30. Secondly, the accused was placed squarely at the locus in quo by PW1 and by his own admission. By the time PW1, PW3 and PW4 returned to the scene, the accused had disappeared to Kangari. I did not believe him when he said he went there to seek assistance. He had left his victim, his own brother, lying comatose in a ditch and taken off. He instead informed his sister (PW2) through Maina that the deceased was lying in a trench near the tea buying centre. The accused’s conduct is inconsistent with his plea of innocence.
31. Thirdly, he had a motive and necessary malice. Although the accused and deceased had no disagreements, there were wrangles in the family between the deceased and the accused’s wife. According to PW1, the accused’s wife and the deceased had a difficult relationship. On the day the deceased was assaulted, there was a quarrel between PW1, the accused, his wife and the deceased.
32. PW1 heard the accused’s wife repeating: “Today I will not go to the chief or go to the police or to the court [I] will go to the deceased as a woman [sic]”. When the accused came home on the material night, he told PW2:“one of us will go to the mortuary and another to the remand”. I readily find that the accused was motivated by malice in attacking the deceased.
33. That is further circumstantial evidence pointing to his malice aforethought. When combined with the clear and direct evidence of PW1 who saw him assaulting the deceased, the twin elements of actus reus and mens rea are united. The assault was vicious: The deceased was left bleeding from the forehead and unable to talk. He was taken to the hospital immediately after the attack and died in the intensive care unit five days later.
34. I must state that I did not find the defence by the accused believable. His demeanour betrayed him as untruthful. He was shifty in his answers. He was not forthright when he claimed that upon returning to the tea centre, he found three strangers looking at a person in the ditch. The truth is that he fought with his brother and left him for dead in the trench.

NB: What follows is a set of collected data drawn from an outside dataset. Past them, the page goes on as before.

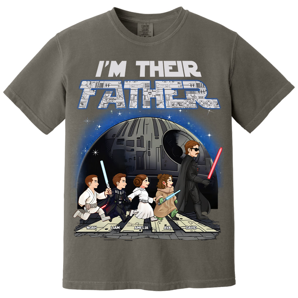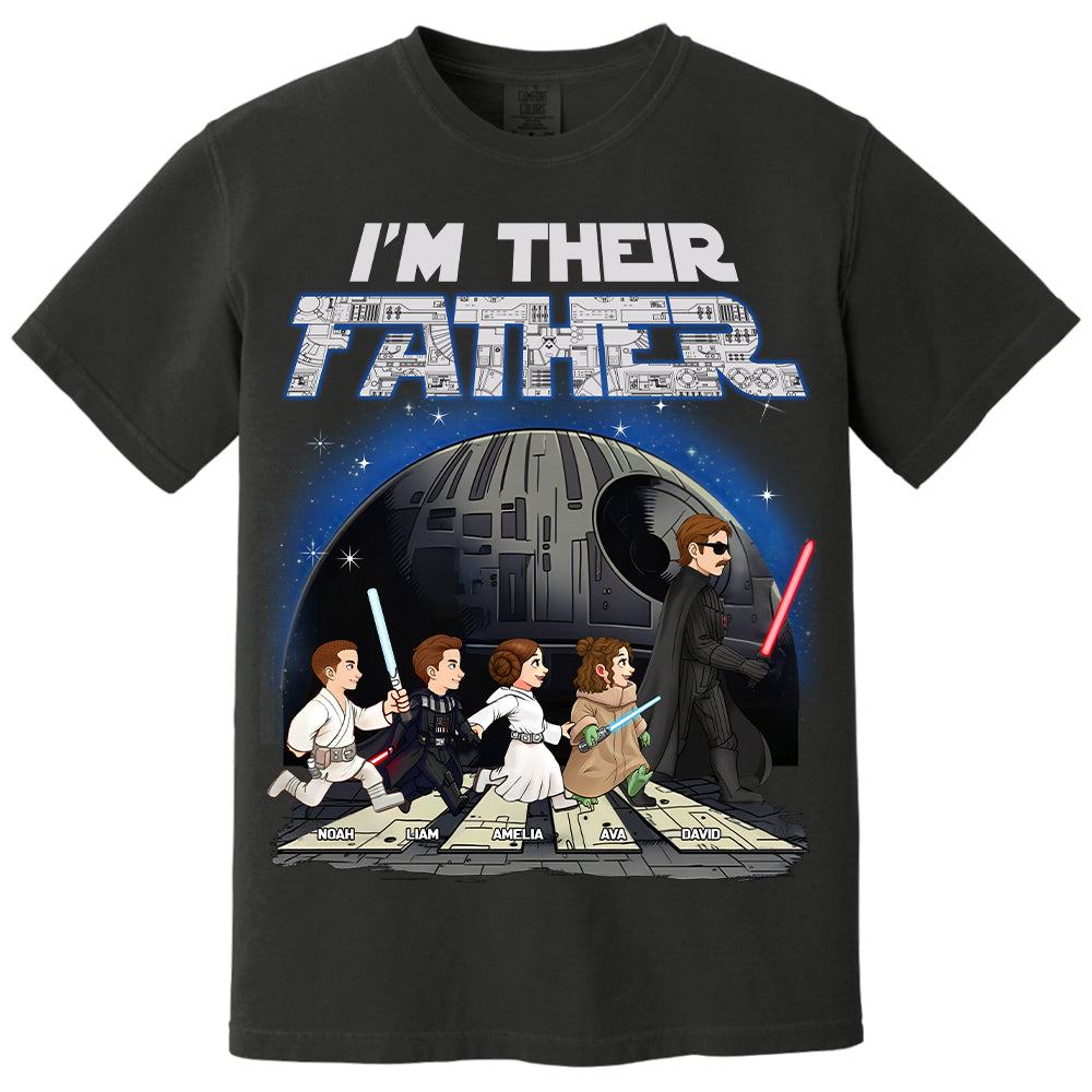 - Distinctive Typography and Detailing: The phrase “I’m Their Father” is prominently displayed in a bold font filled with circuit-like patterns, adding a tech-savvy and futuristic appeal that complements the overall design theme.
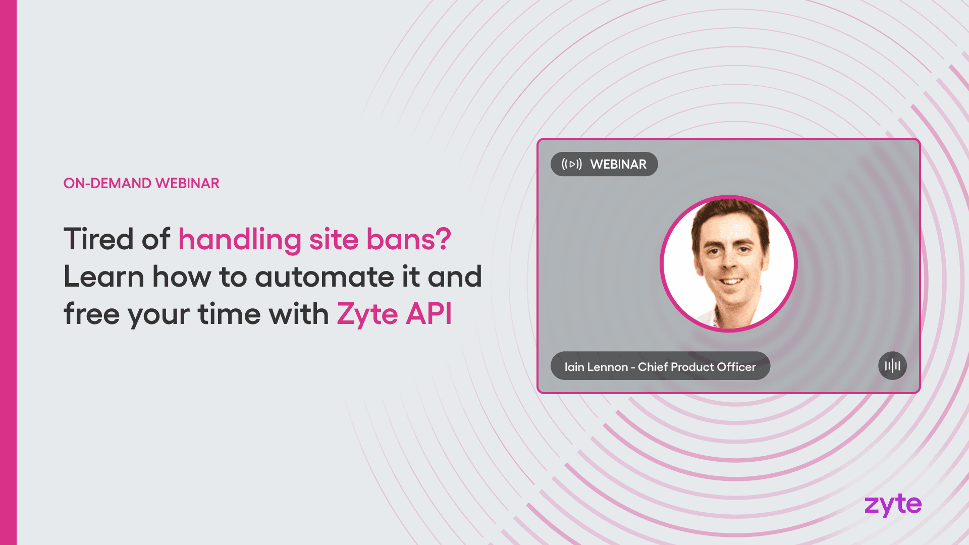 In this webinar, presented by Iain Lennon, our CPO, and Daniel Cave, our Head of Product Marketing, we're diving into Zyte API capabilities for handling bans and how this can be a game-changer for web scrapers trying to run an uninterrupted operation that scales.
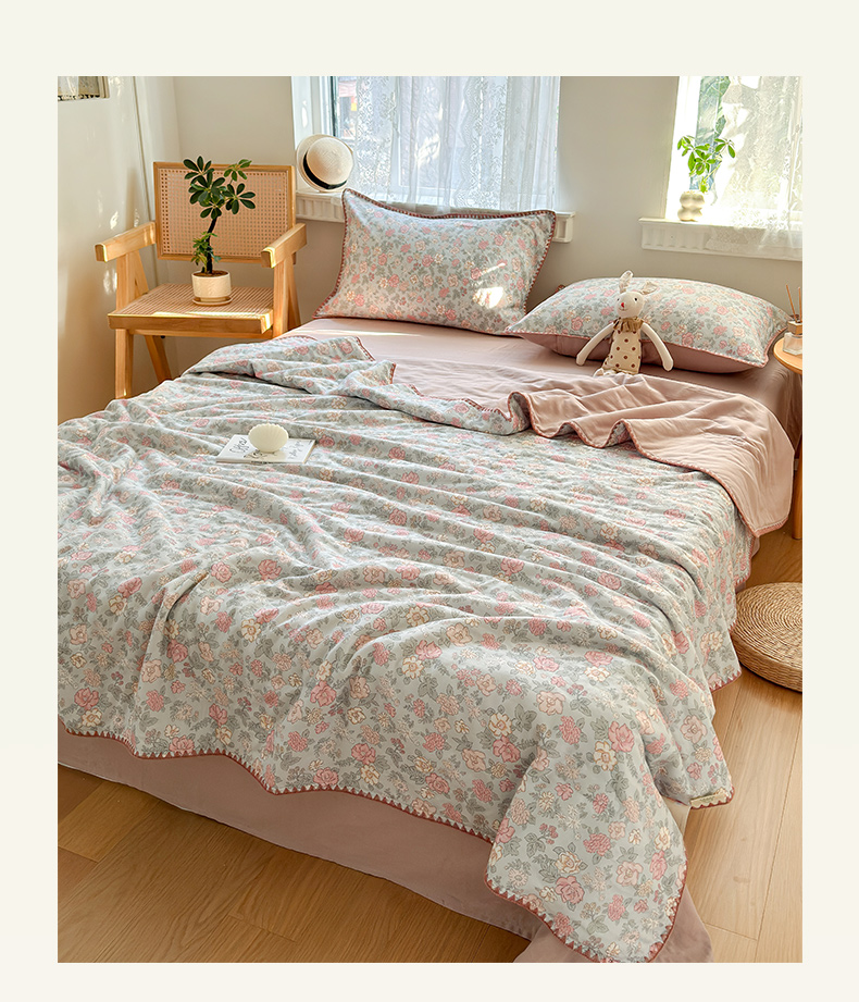 雯雨家纺 2026新款全棉双层纱新疆棉花夏被空调被被子被芯 香水繁花-兰
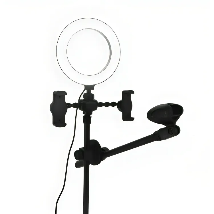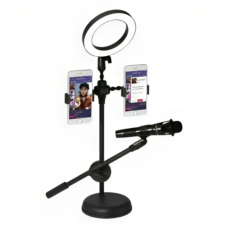 The sturdy metal lamp stand provides stability and versatility, allowing you to position your devices at the perfect height and angle for optimal visibility. No more shaky footage or awkward angles – just smooth, steady shots that keep your viewers engaged.
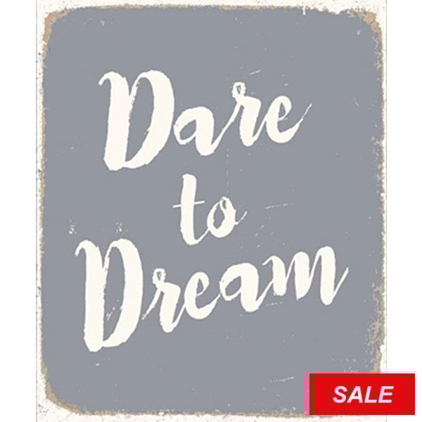 Product Details SIXTREES® DARE TO DREAM 10x12 Distressed-Wood Box Sign by Sixtrees® — Designed and produced by Sixtrees®, this inspirational box sign will certainly be a conversation starter in a casual room setting. DARE TO DREAM is painted in distressed grey on select grained hardwoods. Overall size is 10" x 12" x 1". Wall mounts included for easy hanging. Sixtrees® is a leader in unique décor for every home and work environment. SendAFrame stocks the entire Sixtrees® photo frame line, as well as related home accessories like this. To view the entire collection Sixtrees Collection at SendAFrame. DARE TO DREAM 10x12 Distressed-Wood Box Sign by Sixtrees® Model #783729248228 List $20.00 You pay $9.90 In stock Can be shipped today [?] Your Price Match is Active Your request for a price of $0.00 for a minimum quantity of has been accepted. You have [time] left to purchase this item for $0.00 instead of $9.90 each. Find a Lower Price? We BEAT All Authorized Retailers [?] FEATURESMaterial:Wood (full grain)Finish:Gray/Charcoal, WhiteOccasion:Friendship, Good luck, Housewarming, Inspirational, Public Area DisplayStyle:Architectural, College Dorm, Contemporary, Pop Culture, Rustic/Lodge, Sports & leisure, Words & whimsy, Sentiments | ready madeBrand:SIXTREES®Display Type:Wall Only Approx. Overall Dimensions:10"x12"x1" This item ships in its own box SHARE THIS ITEM Share on Facebook

35. Learned counsel for the defence, Mr. Kirubi, submitted that the charge sheet is defective because the particulars state that the accused murdered the deceased on 30th December 2011. Of course, the deceased was only assaulted on that date. He succumbed to those injuries at Kenyatta National Hospital on 4th January 2012. I do not find the error fatal or capable of invalidating the charge. Furthermore, under section 275 of the Criminal Procedure Code, any objection to an information for a formal defect on its face shall be taken immediately after the information has been read over to the accused person and not later.
36. I find the entire corpus of direct and circumstantial evidence points stronglyto the guilt of the accused. There is no defence or hypothesis that exonerates the accused.
37. The upshot is that prosecution has proved beyond reasonable doubt that the accused, of malice aforethought, killed the deceased. I enter a finding of guilt and convict him accordingly.
It is so ordered.
DATED, SIGNED AND DELIVERED AT MURANG’A THIS 22ND DAY OF MARCH 2022.
KANYI KIMONDO
JUDGE
Judgment read in open court in the presence of:
Accused person.
Mr. Kirubi for the accused instructed by Kirubi Mwangi Ben & Company Advocates.
Ms. Muriu for the Republic instructed by the Office of the Director of Public Prosecutions.
Ms. Susan Waiganjo, Court Assistant.